Pracownicy JST też mają szanse na szczepienia w pracy
By móc ją zorganizować, pracodawca musi zebrać co najmniej 300 chętnych. W samorządach, zwłaszcza małych, może być to trudne do wykonania. Rozwiązaniem tego problemu jest współpraca między urzędami zagwarantowana np. umową cywilnoprawną
Z przedstawionych przez rząd wytycznych wynika, że szczepienia w zakładach pracy mogą organizować zarówno pojedynczy pracodawcy, jak i ich grupy (np. z jednego budynku lub strefy przemysłowej, grupy kapitałowej, podwykonawcy głównego zgłaszającego podmiotu itp.). Przy czym podstawowym wymogiem jest wykazanie, że mają odpowiednią liczbę chętnych osób, które do szczepień przystąpią. Musi być ich co najmniej 300.

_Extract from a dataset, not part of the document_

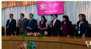
Momento del brindis por el aniversario de la centena institución LA PATRIA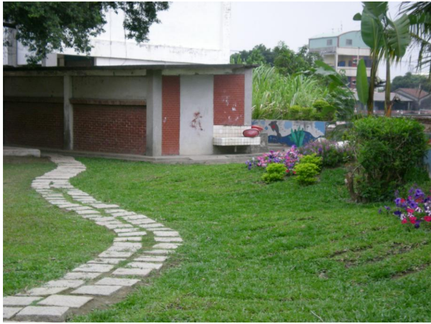
學校角落圍牆邊碧草如茵

Jak się jednak dowiadujemy, samorządy choć są zainteresowane organizowaniem dla swoich pracowników szczepień, to mają obawy, czy uda im się obejść odgórne ograniczenia. - W całym naszym urzędzie miasta pracuje mniej więcej połowa liczby osób, której wymaga rząd. I zapewne nie jesteśmy jedynym urzędem w kraju, w którym szczepienia mogą okazać się niemożliwe, nawet jeśli swój akces do nich zgłosi 100 proc. pracowników - mówi Paulina Rybczyńska, rzeczniczka prezydenta Ciechanowa. Dodaje, że miasto przeprowadza analizę zapotrzebowania na szczepienia łącznie dla chętnych pracowników magistratu oraz jednostek podległych miastu, w tym spółek miejskich. - Jeśli liczba chętnych osób będzie przekraczała 300, bezzwłocznie podejmiemy stosowne kroki. Wiemy, jak sprawnie zorganizować punkt szczepień - zapewnia.